La empresa Dimensión S.A., con más de 12 años prestando servicios de recolección de residuos en Chillán, envió una dura presentación al Concejo Municipal acusando una serie de irregularidades en el proceso de licitación del servicio de recolección de basura y denunciando que las bases habrían sido diseñadas de manera “improvisada”, afectando la igualdad entre oferentes y abriendo espacio a un eventual trato directo. 
En la carta firmada por la gerente general de la empresa, Loreto Finsterbusch Rodríguez, Dimensión sostiene que las bases de la licitación ID 1171317-40-LR25 contienen exigencias imposibles de cumplir en los plazos establecidos, especialmente respecto a la adquisición de camiones y equipamiento, lo que habría impedido que empresas con experiencia pudieran participar en igualdad de condiciones.
La empresa además asegura que el municipio modificó de hecho el inicio del contrato vigente, situación que califican como una “grave violación al principio de igualdad de los oferentes”, indicando que las propias bases señalaban expresamente que el nuevo servicio debía comenzar inmediatamente al término del contrato actual. 

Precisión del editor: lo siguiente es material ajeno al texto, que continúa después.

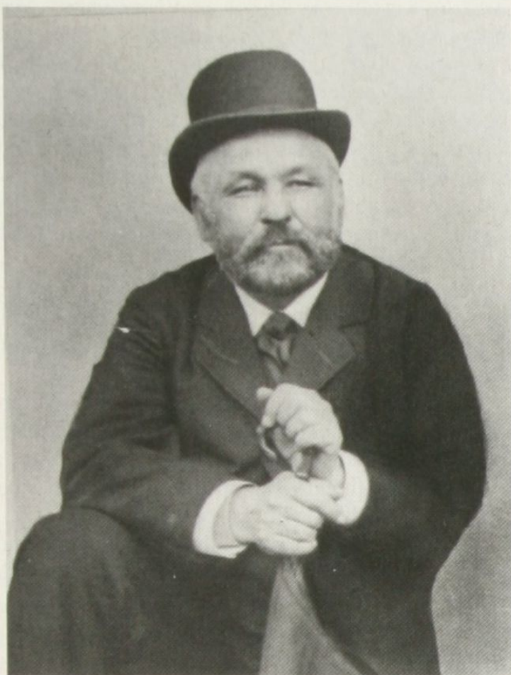
František Bartoš v době svého působení v Brně

Památku Františka Bartoše oslavujeme ne na koních, ne tancem, ne pitkami. Nejdůstojnější oslava spisovatele jest, rozmnožíš-li jeho dílo, aby se stalo přístupné a užitečné všem lidem. Takto chceme my oslavit tohoto syna našeho kraje.
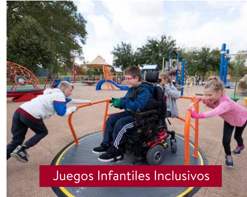
Juegos Infantiles Inclusivos
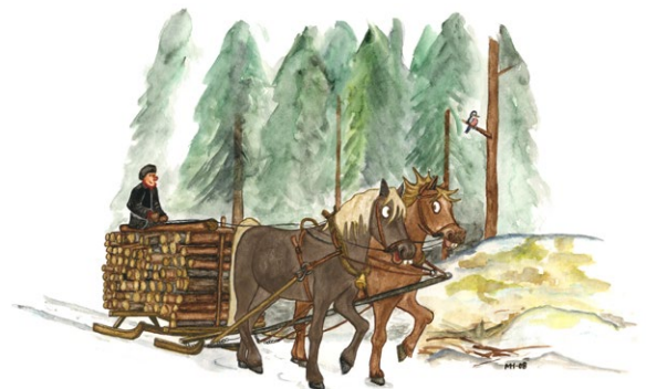
Skogsbruk skedde förr med häst i de otillgängliga skogarna. Illustration: Margareta Hildebrandt

Det lite kärva och bitvis otillgängliga landskapet är en av orsakerna till reservatets stora mångfald av arter. Mycket av skogen växer i branter och har varit svår att komma åt för det moderna skogsbrukets maskiner. Sedan hästen försvann ur skogsbruket i början av 1900-talet har skogen fått stå helt orörd. I de mer lättåtkomliga delarna av skogen finns fortfarande spår efter gamla körvägar, kolbottnar och mossbelupna stubbar.

Uno de los puntos más delicados de la denuncia apunta a que, tras los reiterados errores en el proceso licitatorio, el municipio habría optado por avanzar hacia un trato directo desde el 1 de julio hasta diciembre de 2026, pese a que —según Dimensión— el nuevo contrato debía iniciar precisamente el 1 de julio de este año. La empresa cuestiona duramente por qué se requeriría un trato directo por seis meses si las propias bases obligaban a comenzar el servicio en esa fecha.

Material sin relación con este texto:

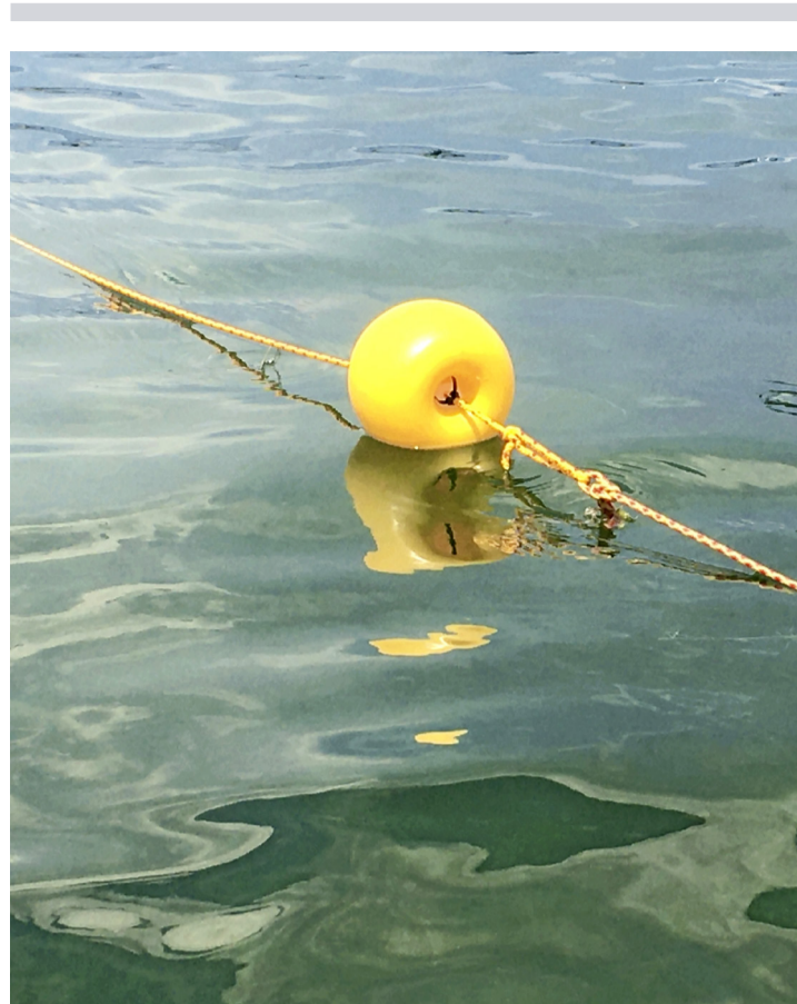
Faute de pouvoir parcourir le monde cet été, nombreux sont ceux à avoir profité des eaux du lac. STÉPHANIE JOUSSON
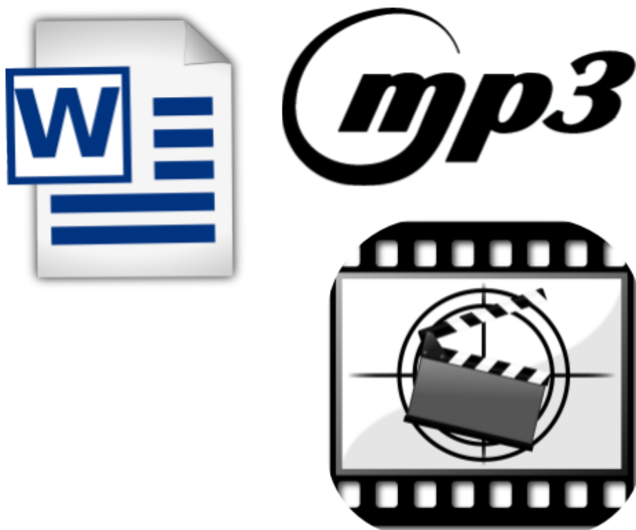
Imagen de word extraída de

http://pixabay.com/es/documento-de-word-documento-texto-150594/ con Licencia de Dominio Público http://creativecommons.org/publicdomain/zero/1.0/deed.es
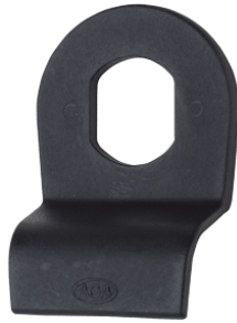
Dimensiones de orificio del bombillo
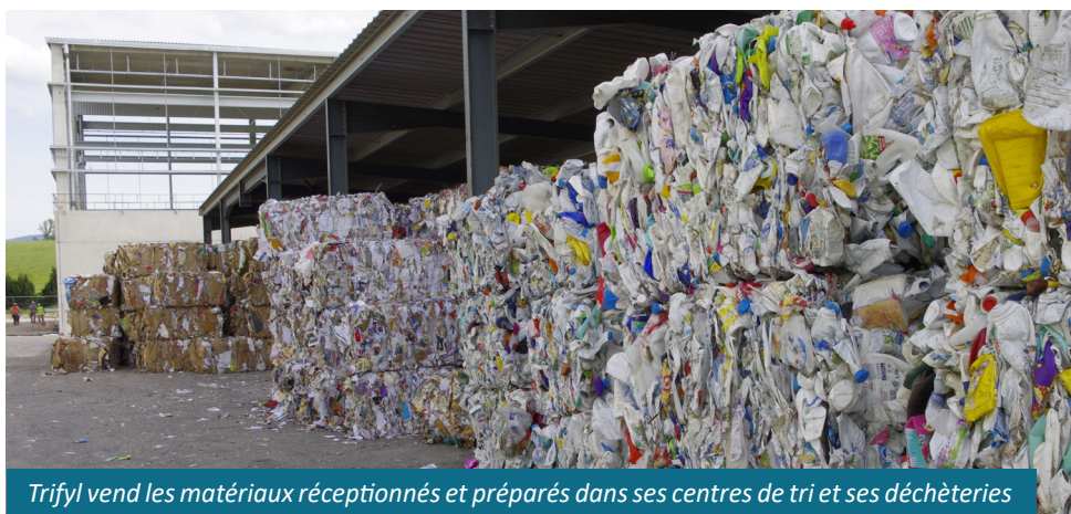
Trifyl vend les matériaux réceptionnés et préparés dans ses centres de tri et ses déchèteries pour financer une partie des dépenses liées à la gestion de nos déchets.

Le principe de tarification incitative appliquée aux collectivités adhérentes (selon la quantité et la qualité du tri) reste au centre du dispositif et permet de valoriser les efforts de réduction des déchets et de tri.
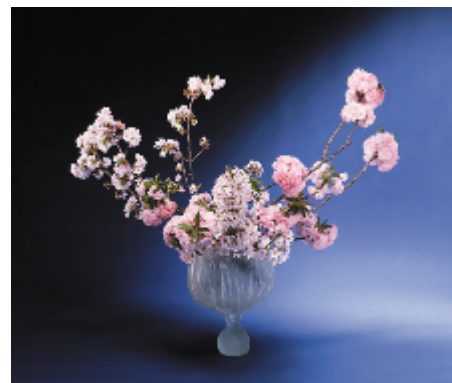
家元・勅使河原茜、桜のいけばな(小作) イメージ図

店外、店内、喫茶の展示スペースにいけばな作品など合計約11作品を展示する予定です。
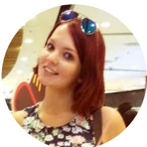
Автор текста: Валерия Маяковская , редактор

Связаться с редакцией Бабра: newsbabr@gmail.com
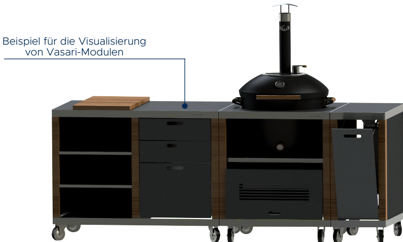
Masuria Vasari komplett mit Cargo*, Workstation* und Vasari Grill*
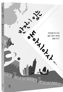
반전이 있는 동아시아사 색안경을 벗고 보는 일본·중국·타이완·홍콩 이야기 권재원 지음 | 216쪽 | 13,000원

대한출판문화협회 ‘올해의 청소년 교양도서’ 책으로따뜻한세상만드는교사들 추천도서 학교도서관사서협의회 추천도서 행복한아침독서 추천도서
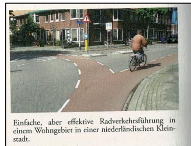
Einfache, aber effektive Radverkehrsführung in einem Wohngebiet in einer niederländischen Kleinstadt.
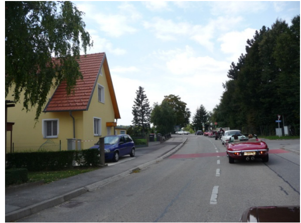
Die Fahrt nach Atzenbrugg

Leider deckte es sich am frühen Nachmittag ein und um 16.00 Uhr begann es zu regnen. Bis dahin genossen wir die gelungene Veranstaltung aber in vollen Zügen.
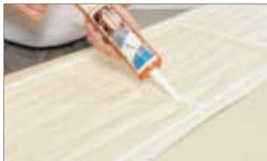
1 - Applicare la colla MS180 a strisce sul retro del pannello
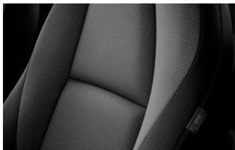
Stoffbezug in Dunkelgrau (Kontrastelemente der Mittelkonsole, des Armaturenbretts und der Dekor-Elemente in den Seitentüren in Schwarz)
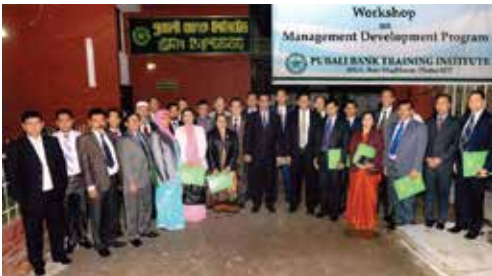
পূবালী ব্যাংক ট্রেনিং ইনস্টিটিউটের উদ্যোগে "Management Development Program" শীর্ষক প্রশিক্ষণ কর্মশালা

উল্লেখ্য, এই চুক্তির ফলে পূবালী ব্যাংক লিমিটেড এবং ব্যাংকের সকল পর্যায়ের কর্মকর্তা ও কর্মচারীবৃন্দ দ্রুতগতির সেবার পাশাপাশি Voice Communication, FnF, High speed 3G Internet, Data Connectivity, Handset সহ সাশ্রয়ী মূল্যে আধুনিক সুযোগ-সুবিধা উপভোগ করবেন।
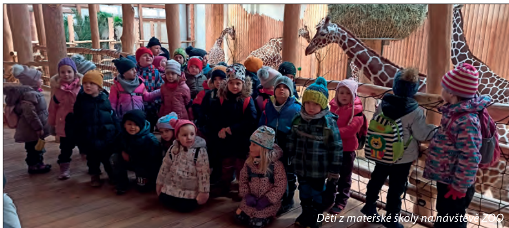
Děti z mateřské školy na návštěvě ZOO
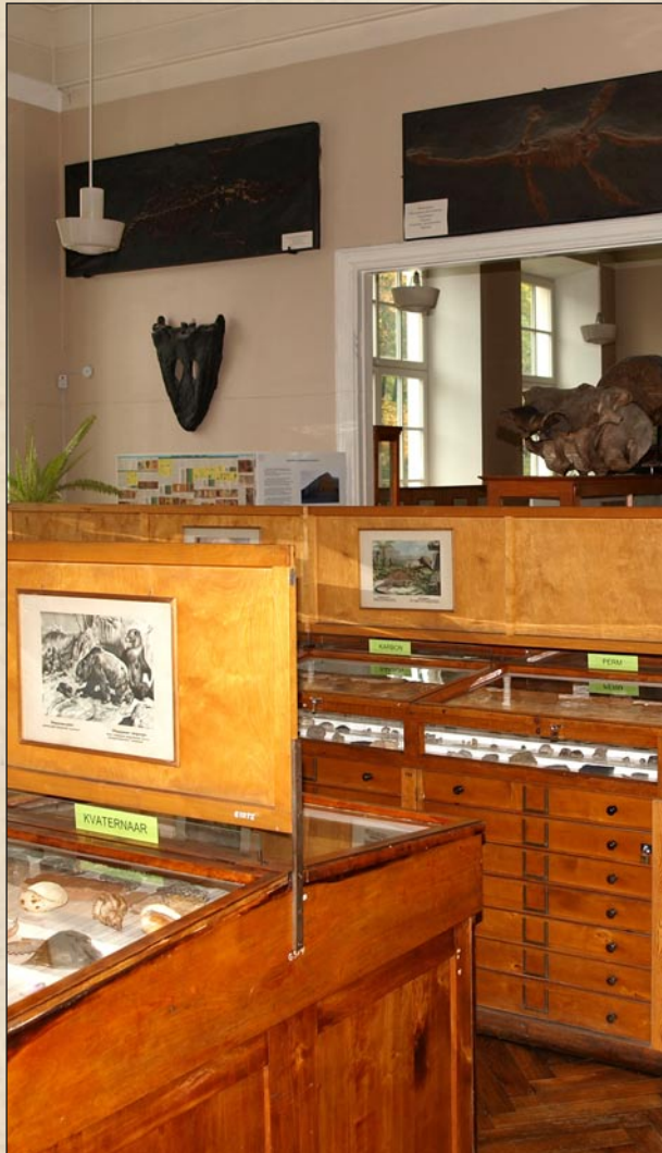
Geoloogia ekspositsioon 2012. aastal

En el documento, Dimensión también pone en duda la capacidad técnica y financiera de las empresas que habrían presentado cotizaciones para el eventual trato directo, señalando que algunas no contarían con la totalidad de los vehículos exigidos y que incluso existirían antecedentes comerciales complejos y morosidades millonarias.

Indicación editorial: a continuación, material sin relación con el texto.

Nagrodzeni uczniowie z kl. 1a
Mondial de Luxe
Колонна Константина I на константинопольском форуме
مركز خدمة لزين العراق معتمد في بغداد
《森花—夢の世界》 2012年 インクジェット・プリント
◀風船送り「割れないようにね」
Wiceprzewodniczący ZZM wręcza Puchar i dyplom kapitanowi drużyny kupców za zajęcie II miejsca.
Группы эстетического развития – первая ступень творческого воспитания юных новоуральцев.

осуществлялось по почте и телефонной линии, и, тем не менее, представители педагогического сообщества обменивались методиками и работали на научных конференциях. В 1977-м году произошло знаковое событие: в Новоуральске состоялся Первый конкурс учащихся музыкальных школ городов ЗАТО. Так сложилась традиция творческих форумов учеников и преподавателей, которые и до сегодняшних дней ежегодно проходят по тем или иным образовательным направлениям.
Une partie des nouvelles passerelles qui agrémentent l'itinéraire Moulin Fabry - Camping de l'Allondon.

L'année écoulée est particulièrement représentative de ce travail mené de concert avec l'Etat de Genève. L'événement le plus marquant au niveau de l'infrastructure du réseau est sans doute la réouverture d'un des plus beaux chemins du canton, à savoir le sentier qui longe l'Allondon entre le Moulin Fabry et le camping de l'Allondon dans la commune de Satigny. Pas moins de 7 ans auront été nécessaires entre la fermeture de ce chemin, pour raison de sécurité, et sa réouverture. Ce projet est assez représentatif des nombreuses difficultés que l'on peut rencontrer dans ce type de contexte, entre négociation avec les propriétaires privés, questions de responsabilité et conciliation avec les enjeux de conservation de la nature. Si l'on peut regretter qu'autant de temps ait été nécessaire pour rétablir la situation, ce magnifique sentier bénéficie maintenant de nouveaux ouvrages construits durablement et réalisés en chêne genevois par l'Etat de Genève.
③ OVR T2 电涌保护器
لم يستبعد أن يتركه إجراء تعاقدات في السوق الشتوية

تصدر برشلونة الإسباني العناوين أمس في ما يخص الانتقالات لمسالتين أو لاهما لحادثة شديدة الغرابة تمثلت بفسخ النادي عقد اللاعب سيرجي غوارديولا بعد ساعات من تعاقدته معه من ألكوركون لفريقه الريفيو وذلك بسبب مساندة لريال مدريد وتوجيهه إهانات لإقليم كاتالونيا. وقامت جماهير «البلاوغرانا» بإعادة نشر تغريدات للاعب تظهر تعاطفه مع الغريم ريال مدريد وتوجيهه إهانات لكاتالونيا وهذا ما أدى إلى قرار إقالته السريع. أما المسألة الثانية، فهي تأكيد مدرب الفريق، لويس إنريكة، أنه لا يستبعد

La empresa concluye que las “irregularidades y arbitrariedades están a la vista” y solicita que los antecedentes sean remitidos a la Contraloría y a la Fiscalía, advirtiendo posibles responsabilidades administrativas, civiles y penales derivadas del proceso. Además, recalca que no existe justificación para que la Municipalidad de Chillán termine pagando más por un servicio que consideran de menor calidad al actualmente prestado.